▶ Data section:
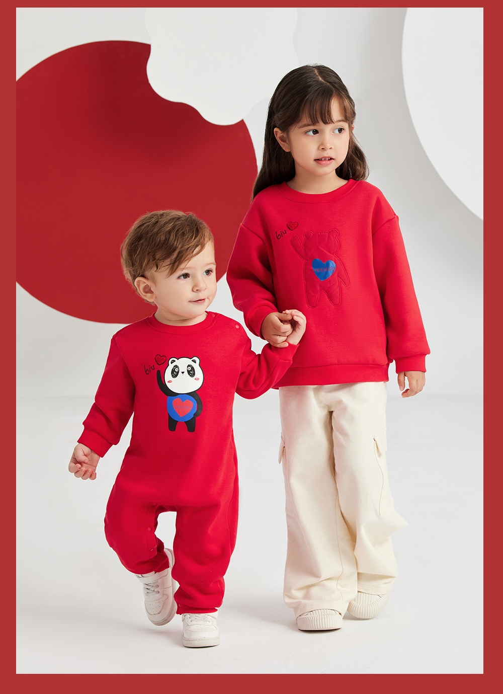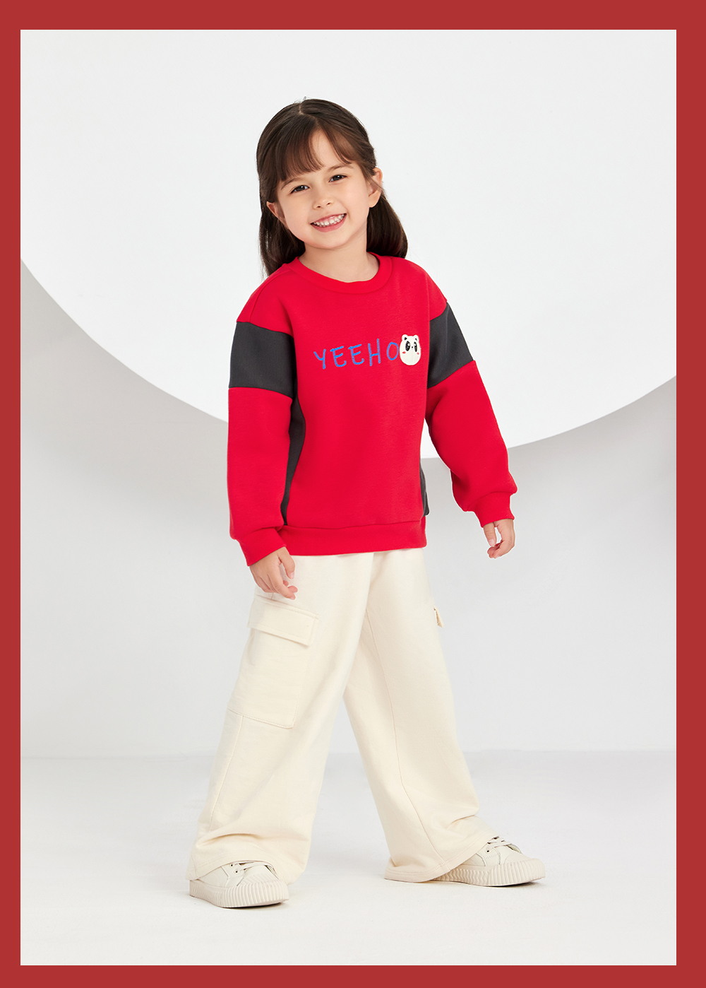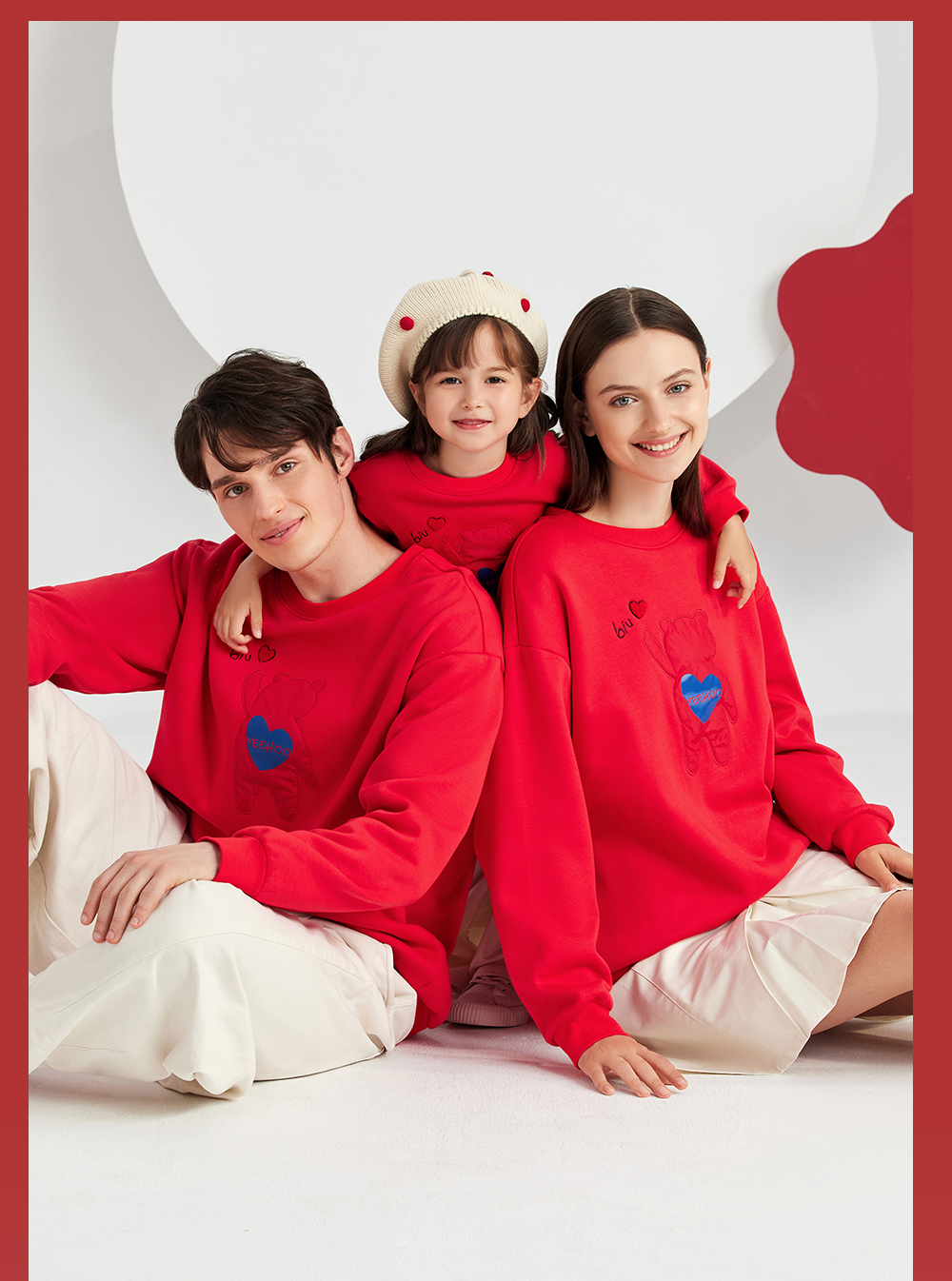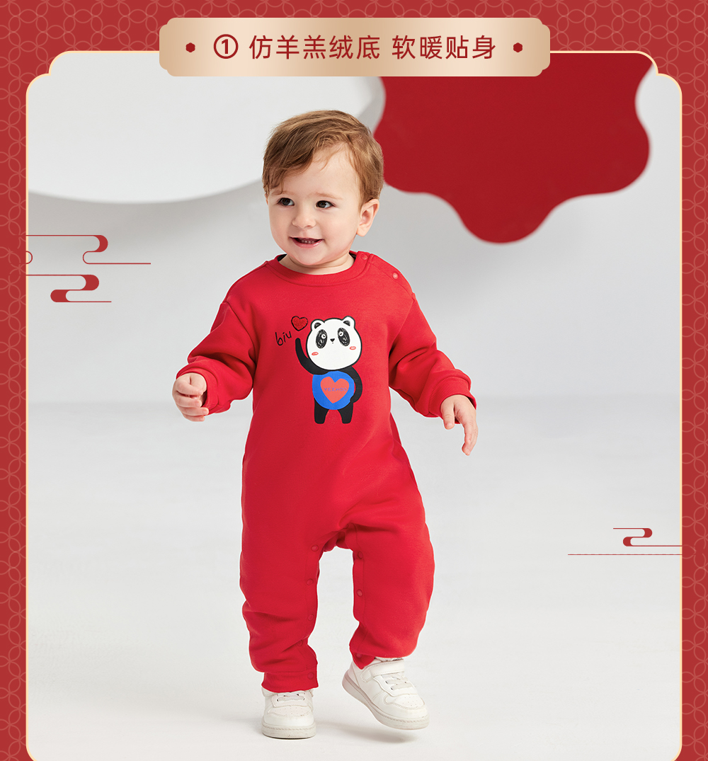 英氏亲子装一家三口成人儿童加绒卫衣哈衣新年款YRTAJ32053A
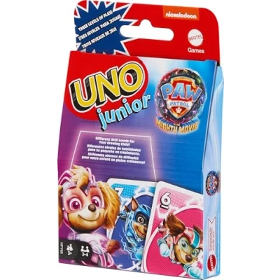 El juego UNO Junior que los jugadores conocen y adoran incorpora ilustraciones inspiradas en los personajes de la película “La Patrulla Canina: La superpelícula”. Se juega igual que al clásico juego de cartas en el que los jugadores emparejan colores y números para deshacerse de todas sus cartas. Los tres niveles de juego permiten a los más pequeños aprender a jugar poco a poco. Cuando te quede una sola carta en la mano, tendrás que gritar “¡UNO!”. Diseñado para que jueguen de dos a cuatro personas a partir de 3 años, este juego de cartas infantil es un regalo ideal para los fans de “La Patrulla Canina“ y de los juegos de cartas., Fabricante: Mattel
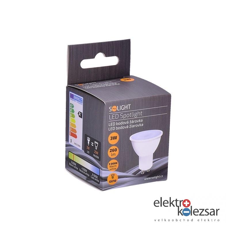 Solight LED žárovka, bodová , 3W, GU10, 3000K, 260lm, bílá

▶ Your objective: Exactly the lines from the one that contains "El juego UNO" to the last line of the data, both included, should be set down, and no pictures should appear among them.

▶ Solved problem:
 El juego UNO Junior que los jugadores conocen y adoran incorpora ilustraciones inspiradas en los personajes de la película “La Patrulla Canina: La superpelícula”. Se juega igual que al clásico juego de cartas en el que los jugadores emparejan colores y números para deshacerse de todas sus cartas. Los tres niveles de juego permiten a los más pequeños aprender a jugar poco a poco. Cuando te quede una sola carta en la mano, tendrás que gritar “¡UNO!”. Diseñado para que jueguen de dos a cuatro personas a partir de 3 años, este juego de cartas infantil es un regalo ideal para los fans de “La Patrulla Canina“ y de los juegos de cartas., Fabricante: Mattel
 Solight LED žárovka, bodová , 3W, GU10, 3000K, 260lm, bílá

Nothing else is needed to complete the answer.